# Exercise instructions
Everything from the line that has "This ancient coin, featuring" to the last line of the listing must be repeated exactly, and nothing more; omit the pictures.

# Source material

%%

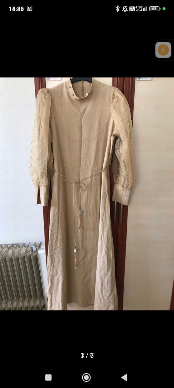 Bej uzun keten elbise, yüksek yakalı ve düğmeli detaylıdır. Nakışlı şeffaf uzun kollara sahiptir. Bağcıklı ve bol kesim bohem tarzda.
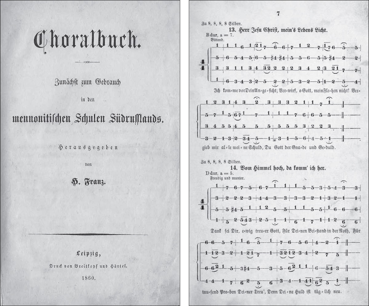 The publication of Franz’s Choralbuch in 1860 aided in the standardization of singing within Mennonite communities. For years, teachers and pupils copied the chorale melodies notated by Franz in numerals. However, Franz and other leading figures recognized that “the frequent copying of this chorale book by pupils would gradually distort the melodies again . . . so it [was] recognized as necessary to reproduce the chorale book in print and then to introduce it into the schools for singing lessons.”17 In 1852, Franz was commissioned by Baron von Rosen, chairman of the Guardianship Committee for Foreign Settlers, to print his chorale book.18
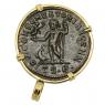 This ancient coin, featuring Constantine, was minted in the historic city of Thessalonica, which is located in present-day Greece. The reverse side depicts Jupiter, the king of the pagan Roman gods, standing with a scepter, while holding Victoria, the goddess of victory. An eagle, holding a wreath is shown at Jupiter's feet.
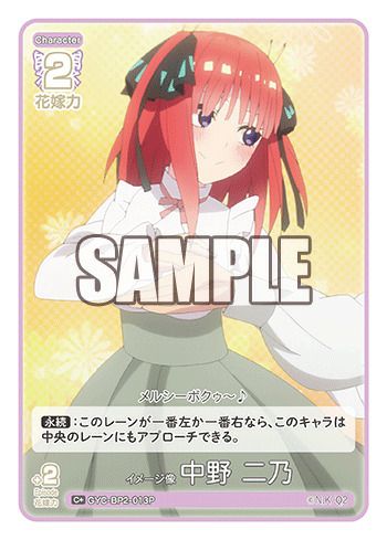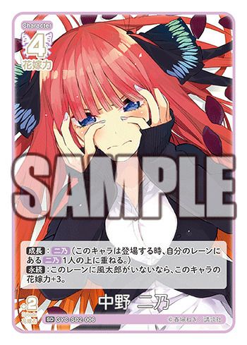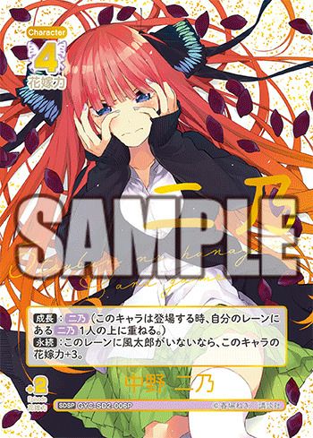 他の画像を見る 販売価格 ¥ 8,000 〜 ¥ 15,000 税込 販売価格 ¥ 税込 状態A 状態B 状態C 状態D 中野 二乃(GYC-SD2-006P)[SDSP] 商品詳細を見る お気に入りに登録する 在庫切れ

%%

# Answer to this problem
 This ancient coin, featuring Constantine, was minted in the historic city of Thessalonica, which is located in present-day Greece. The reverse side depicts Jupiter, the king of the pagan Roman gods, standing with a scepter, while holding Victoria, the goddess of victory. An eagle, holding a wreath is shown at Jupiter's feet.
 他の画像を見る 販売価格 ¥ 8,000 〜 ¥ 15,000 税込 販売価格 ¥ 税込 状態A 状態B 状態C 状態D 中野 二乃(GYC-SD2-006P)[SDSP] 商品詳細を見る お気に入りに登録する 在庫切れ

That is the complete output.